▶ [Work instruction]: Lines from the beginning of the data below through the one containing "完成以后,點開 正向查找區域 →" are to be printed exactly as they appear.

▶ [Task inputs]:

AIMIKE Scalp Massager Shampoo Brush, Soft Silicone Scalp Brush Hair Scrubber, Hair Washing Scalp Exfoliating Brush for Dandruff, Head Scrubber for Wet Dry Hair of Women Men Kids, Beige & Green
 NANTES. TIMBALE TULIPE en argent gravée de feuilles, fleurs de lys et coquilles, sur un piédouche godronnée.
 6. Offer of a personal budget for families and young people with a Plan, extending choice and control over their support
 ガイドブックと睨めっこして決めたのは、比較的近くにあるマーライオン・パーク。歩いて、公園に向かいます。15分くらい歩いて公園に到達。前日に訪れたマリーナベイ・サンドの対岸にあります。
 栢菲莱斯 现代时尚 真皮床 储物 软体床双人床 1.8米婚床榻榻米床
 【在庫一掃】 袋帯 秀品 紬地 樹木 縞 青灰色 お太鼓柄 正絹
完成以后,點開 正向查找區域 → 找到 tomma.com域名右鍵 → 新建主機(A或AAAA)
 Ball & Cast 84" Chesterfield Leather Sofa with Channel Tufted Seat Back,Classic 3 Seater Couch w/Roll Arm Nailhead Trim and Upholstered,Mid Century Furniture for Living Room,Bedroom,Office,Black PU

▶ [Solved exercise]:
AIMIKE Scalp Massager Shampoo Brush, Soft Silicone Scalp Brush Hair Scrubber, Hair Washing Scalp Exfoliating Brush for Dandruff, Head Scrubber for Wet Dry Hair of Women Men Kids, Beige & Green
 NANTES. TIMBALE TULIPE en argent gravée de feuilles, fleurs de lys et coquilles, sur un piédouche godronnée.
 6. Offer of a personal budget for families and young people with a Plan, extending choice and control over their support
 ガイドブックと睨めっこして決めたのは、比較的近くにあるマーライオン・パーク。歩いて、公園に向かいます。15分くらい歩いて公園に到達。前日に訪れたマリーナベイ・サンドの対岸にあります。
 栢菲莱斯 现代时尚 真皮床 储物 软体床双人床 1.8米婚床榻榻米床
 【在庫一掃】 袋帯 秀品 紬地 樹木 縞 青灰色 お太鼓柄 正絹
完成以后,點開 正向查找區域 → 找到 tomma.com域名右鍵 → 新建主機(A或AAAA)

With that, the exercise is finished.